L’imminente Decreto Crescita potrebbe essere la risposta di Governo alle critiche di Confindustria e all’allarme del suo centro studi sulla mancanza di crescita economica nel Paese (stime al ribasso di 0,9 punti), dove pesano soprattutto la scarsa domanda interna, il calo degli investimenti privati (-2,5%, Costruzioni escluse), la mancanza di fiducia sui mercati.
Anche lo spettro dell’aumento IVA nel 2020 non aiuta. Nè l’indebitamento in crescita della PA. Il timore è che una manovra correttiva sia inevitabile.
=> Stima rincari con aumento IVA
A deprimere gli animi, anche i nuovi dati sull’andamento delle retribuzioni, che vedono l’Italia elargire stipendi più bassi di dieci anni fa (elaborazione dati: ETUI – European Trade Union Institute), dove nel periodo 2009-2019 i salari si sono ridotti del 2% (pur considerando l’inflazione).

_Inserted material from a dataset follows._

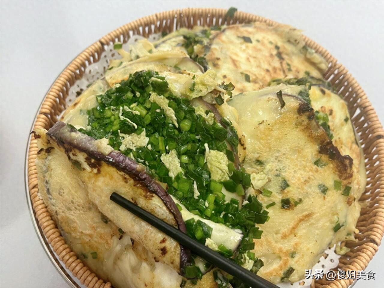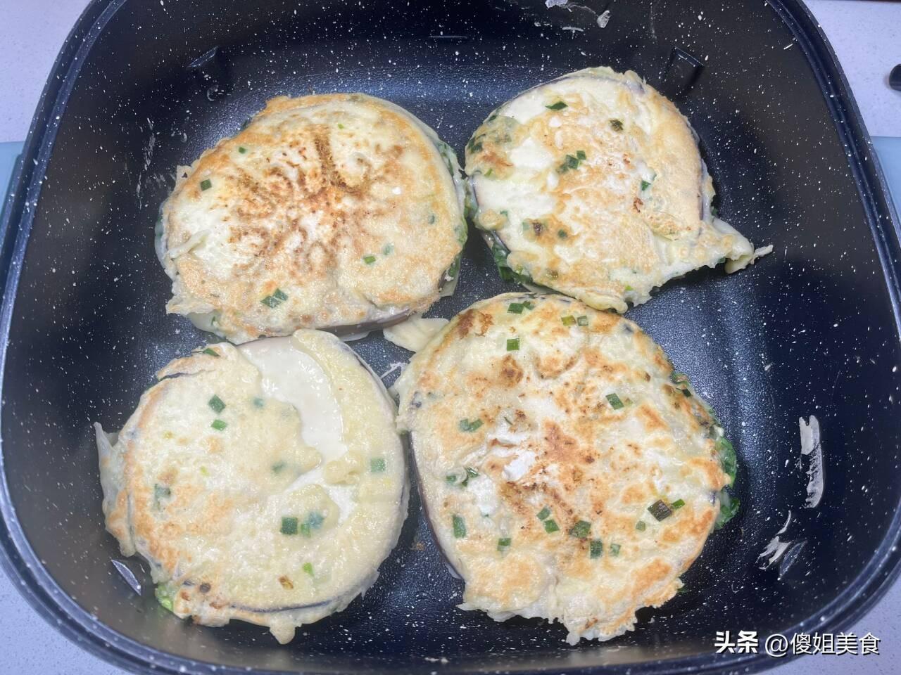 鮮美好喫的韭菜茄盒就煎好了,外脆裏鮮,好喫極了,喜歡喫辣椒的可以搭配辣椒油蘸着喫,超過癮,我和兒子兩個人一頓喫了一個大茄子,韭菜和茄子這樣搭配太香了。

L’Italia, tra l’altro, è un Paese dove esistono anche forti gap retributivi su base geografica, dove al Sud si paga lo scotto di una endemica mancanza di politiche di crescita di lungo periodo.
Basta guardare gli importi delle retribuzioni presi a comparazione dei salari minimi e delle offerte congrue definite a margine dell’istituzione del Reddito di Cittadinanza, che in alcuni casi è più sostanzioso della busta paga media di un impiegato.
Anche dal confronto interno ai settori del comparto pubblico non emergono numeri confortanti. A fronte di regole e blocchi al turnover spesso condivise, esiste un andamento opposto tra le retribuzioni.
Ad esempio, in ambito pubblico il calo si registra soprattutto nel comparto Scuola (-800 euro tra il 2008 e il 2017), mentre sono in crescita gli stipendi nelle agenzie fiscali, nelle forze armate e negli pubblici non economici. Numeri che sembrano riflettere il ruolo chiave (o meno) di certi settori rispetto ad altri nella visione di crescita del Paese così come interpretata dalla politica.